An electrical engineer who lives in Ballard, Beaty explains, "In theory, one rubbernecker can create a rubbernecker slowdown. If you slow down a little bit, it means the people behind you have to slow down. ... They lose interest in the attractive nuisance and they take off fast, but the clot is there, and new people entering from behind still have to slow down from behind."
He suggests two clot looseners:
1) Let other drivers in when an accident forces cars to merge lanes.
2) If you see a blockage on the road ahead, slow down in advance to spread it out and help smooth the flow through the constricted area.
Another expert has laid out the mental causes of gawking.

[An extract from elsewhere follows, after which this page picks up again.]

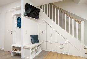 Die frisch renovierte Wohnung Kamphoog 14 befindet sich im ersten Obergeschoss eines Appartementhauses in der Kurhausstraße, unweit der legendären Sturmhaube. Vom Hausflur aus erreichen Sie das gemütliche Wohnzimmer mit der offenen Küche samt Essplatz am Bistrotisch. Ein Multifunktionsbackofen und auch ein Waschtrockner gehören hier zu den Vorzügen. Außerdem ist auf dieser Etage das elegant-moderne Duschbad untergebracht. Wer sich gern mal zu weit aus dem Fenster lehnt, kann hier seitlich sogar einen Blick auf beide Meere erhaschen. Im lichtdurchfluteten Obergeschoss erwartet Sie das behagliche Doppelschlafzimmer. Das Quartier ist mit hochwertigem Eichenparkettboden und Fliesen ausgelegt, farblich dominieren hier weiß und helle Naturtöne. Zu jeder Jahreszeit ein gediegen gemütliches Refugium für Zwei.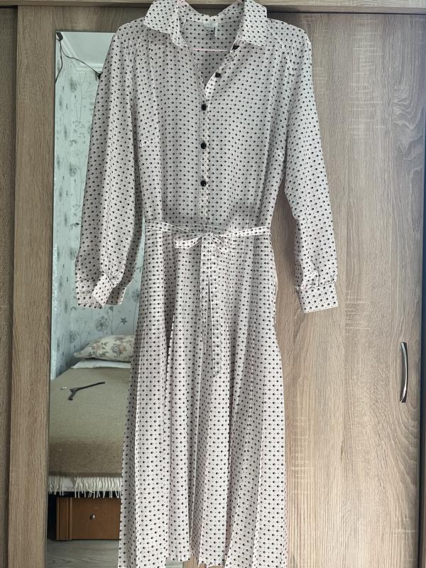 Поліестр, але якісний. Верх на ґудзиках, низ - в складочку, з підкладом. Пояс, карманів немає. Ог-53см, довжина-115. Застібається додатково на бокову блискавку. Приємний бонус- майже не зминається

There are four, according to Roland Maiuro, an associate professor of psychiatry and behavioral sciences at the University of Washington:
1) As a distraction: Driving is monotonous, so anything out of the ordinary will catch our attention and draw us to it. "It's meant to keep us alive and aware of our surroundings."
2) Follow the leader: "That's known as monkey see, monkey do." If one person looks, the next follows suit.
3) Cause and effect: Drivers rationalize looking by saying that they want to know why they were being delayed.
4) Morbid curiosity: Like horror films, roadside wrecks are arousing, thrilling and riveting. "The accident provides a close encounter without yourself being directly involved being put at risk."
Summing it up eloquently as he watched the aftermath of a plane crash in Elliott Bay in March, onlooker Chris McGee, 19, said, "You gotta look. It's interesting."
His friend Jeff Wilson chimed in: "You look because you want to see if they are OK."
Sure. And concern is what glues people to hockey brawls, too. But there may be something to it. Hunter gets e-mails from people who say they were praying for accident victims. She was always surprised at how often people would pull over to help her corral a dog running loose on the highway or change a tire. Hunter, who came from California, thinks people here are just different. And so do they.
Washington drivers ranked themselves significantly above drivers in other states in "feeling compassion," in a survey by "Road Rage" author James. The survey was unofficial and comprised of about 1,000 Internet respondents. In it, Washingtonians also rated themselves some of the least aggressive drivers in the country, lowballing themselves in such actions as deliberately cutting off other drivers and failing to signal at lane-changes.
They must not have been bus drivers.
If nothing else helps, try conjuring a mental image of the officious cop from "South Park": Keep moving! There's nothing to see here! It's a lie, but it could get you home faster.